Input data:
◆ ◆ ◆

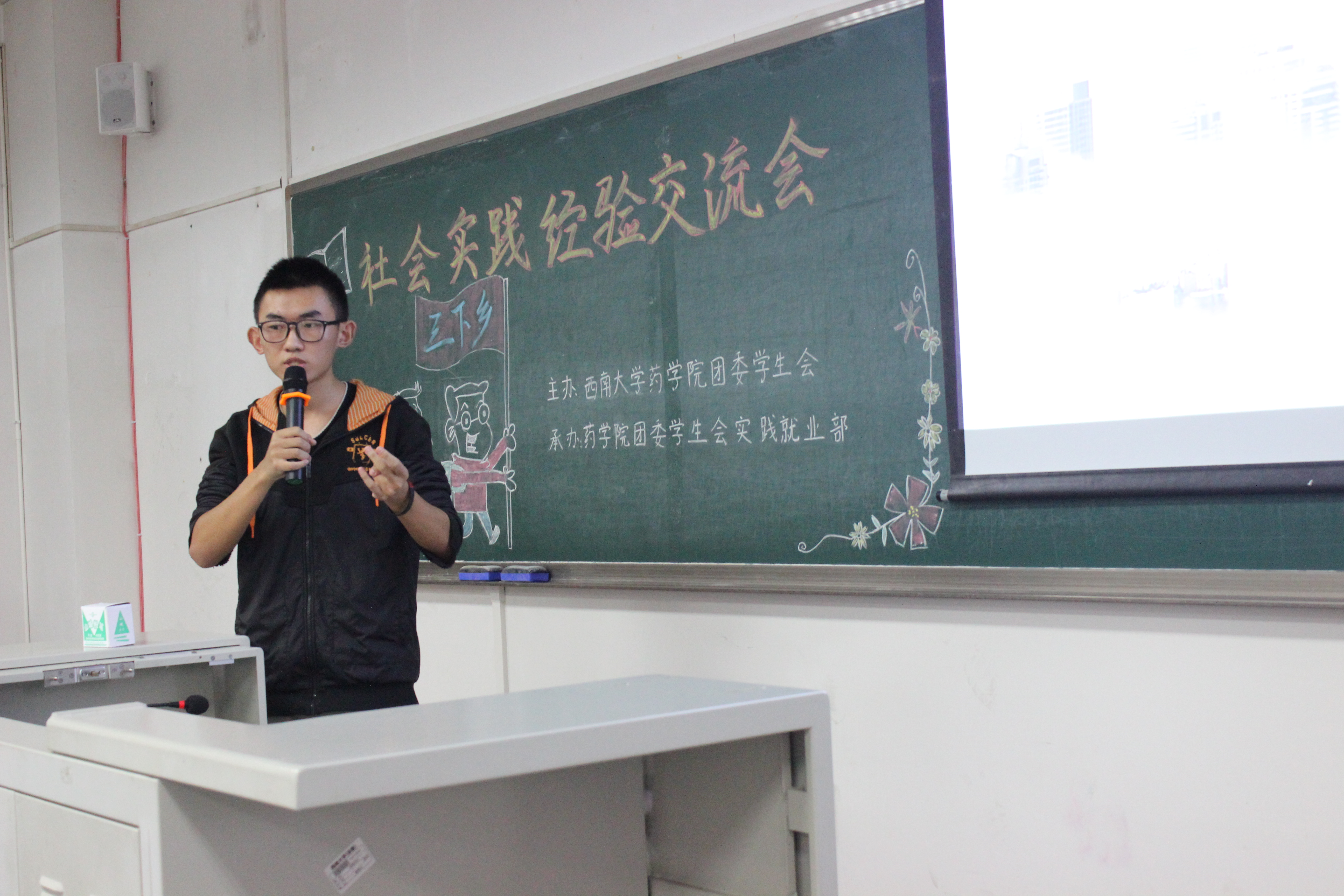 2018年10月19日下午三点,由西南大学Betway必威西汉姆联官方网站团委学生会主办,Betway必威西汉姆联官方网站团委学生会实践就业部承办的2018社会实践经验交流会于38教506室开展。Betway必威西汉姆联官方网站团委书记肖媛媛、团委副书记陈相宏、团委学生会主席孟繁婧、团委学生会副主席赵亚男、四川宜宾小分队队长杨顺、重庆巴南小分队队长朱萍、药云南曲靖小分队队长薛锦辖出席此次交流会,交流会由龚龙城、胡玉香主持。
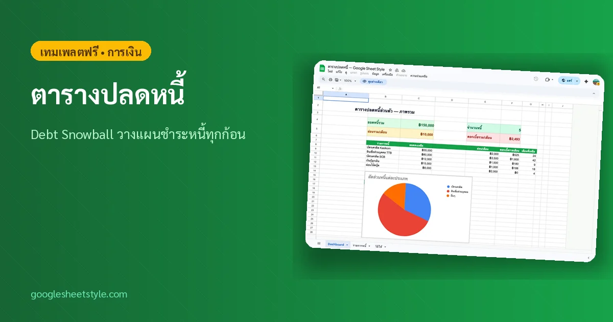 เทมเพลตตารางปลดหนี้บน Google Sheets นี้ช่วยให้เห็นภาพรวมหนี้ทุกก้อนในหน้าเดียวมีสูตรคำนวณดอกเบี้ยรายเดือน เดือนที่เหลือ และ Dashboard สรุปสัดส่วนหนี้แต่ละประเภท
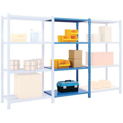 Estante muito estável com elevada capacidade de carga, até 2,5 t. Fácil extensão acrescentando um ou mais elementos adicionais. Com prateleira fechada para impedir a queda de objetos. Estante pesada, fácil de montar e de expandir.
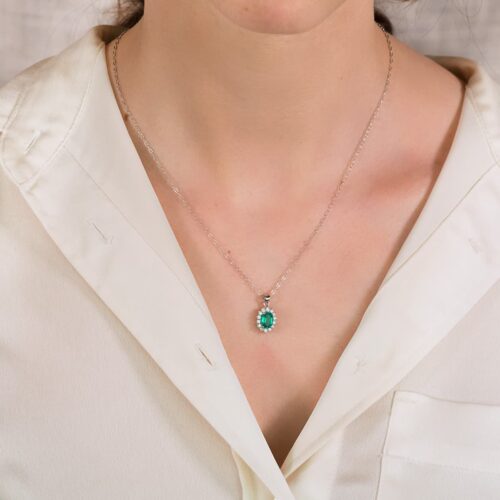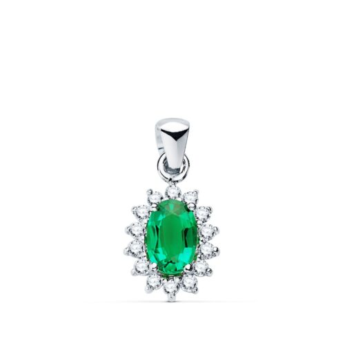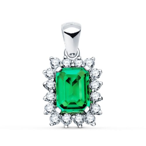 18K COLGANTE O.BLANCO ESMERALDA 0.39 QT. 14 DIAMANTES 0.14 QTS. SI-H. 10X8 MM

◆ ◆ ◆

Work instruction:
Find the line with "Estante muito estável". Return it and each line after it through the end of the data, exactly, without pictures.

Response to this exercise:
 Estante muito estável com elevada capacidade de carga, até 2,5 t. Fácil extensão acrescentando um ou mais elementos adicionais. Com prateleira fechada para impedir a queda de objetos. Estante pesada, fácil de montar e de expandir.
 18K COLGANTE O.BLANCO ESMERALDA 0.39 QT. 14 DIAMANTES 0.14 QTS. SI-H. 10X8 MM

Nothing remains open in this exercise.